Before IP audio, and long before the Boston shuffle when WBZ 1030 changed hands to iHeartMedia and WBZ 98.5 joined Beasley by way of the Entercom-CBS Radio merger, there was Wheat. Pubcasters WGBH 89.7, WBUR 90.9 (Boston University), WERS 88.9 (Emerson College), and WMBR 88.1 (MIT) installed Wheatstone analog consoles back in the day, and a few of those consoles are still in operation today. Jay ran into this old friend to the left at WMBR 88.1 on the MIT campus. The Wheatstone A500 console has been operational at WMBR for more than 30 years, having outlasted several generations of dorm-room mixtapes! A500 consoles go all the way back to the 1983 AES convention, when we introduced it as “the cleanest sounding console in broadcasting” (old timers might remember our 10KHz square wave demo at the show).

WGBH, Boston’s flagship public broadcaster, runs on Wheat.

This BMX board originally made by PR&E, the assets of which were later acquired by Wheatstone, is still operational in the WMBR studio.

Over the years, Boston stations moved to our first-generation digital networked systems (our Bridge router and Generation Series control surfaces) and later, our WheatNet IP audio network. WGBH 89.7 went full “future” in 2006 with our first-generation networked system, which Jay found still running in the pubcaster’s studios two decades later. More recently, our AoIP system found its way into WBUR 90.9, where WheatNet IP audio networking and LXE consoles reside today along with ScreenBuilder screens customized for NPR shows like Here & Now.

 

Shown, WGBH studio with Wheatstone G series console with routing and logic through the Wheatstone Bridge router network (right).

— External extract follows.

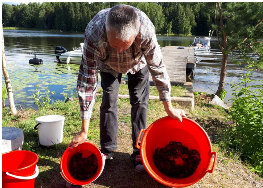
Kuva 5. Sotkanvirran niskalta tuli parhaiten täplärapuja (39 kpl). Saaliin joukossa oli myös melko kookkaita yksilöitä. 10 suurimmalla täpläravulla selkäkilven pituus oli 60–70 mm ja 10 pienimmällä 37–49 mm.

Myöskään Ratinansuvannosta ei saatu täplärapuhavaintoja. Suvanto on ylävirran puolella Viinikanlahteen ja muuhun Pyhäjärveen nähden. Virtaussuunta on alaspäin Pyhäjärveen kun Tammerkoskea juoksutetaan. Lyhytaikaisäännöstelyn takia virtaama on kuitenkin välillä olematon. Koski pannaan usein kiinni viikonlopuksi. Kun Tammerkosken juoksutus on pysähdyksissä, veden virtaus käy tiettyinä aikoina luultavasti Ratinanvuolteessa ylöspäin kohti Ratinansuvantoa (esim. kovien etelä- ja länsituulten aiheuttama kallistuma). Näin ollen myös Ratinansuvanto on käytännössä ollut Pyhäjärven rapukadon aiheuttaneen mekanismin vaikutuspiirissä.

WheatNet IP audio networks and consoles are now found in Boston iHeartMedia stations and Beasley Boston stations (including 98.5 The Sports Hub, read WBZ, Ultimate Team Sport) and over the years, have been installed at stations near and far, including La Salle University, University of Massachusetts, Boston College, Curry College and at the facilities of our many commercial and TV clients.

And so it continues. Shown to the right is a photo that Jay snapped of a Blade I/O unit in the rack at Beasley Boston’s 18-studio facility completed a few years ago by Inrush Broadcast Services. This Blade has been running continuously for almost three years next to LXE consoles that put in 18-hour days for The Sports Hub, covering games back-to-back for the New England Patriots, Boston Bruins, Boston Celtics, New England Revolution, and Boston Red Sox.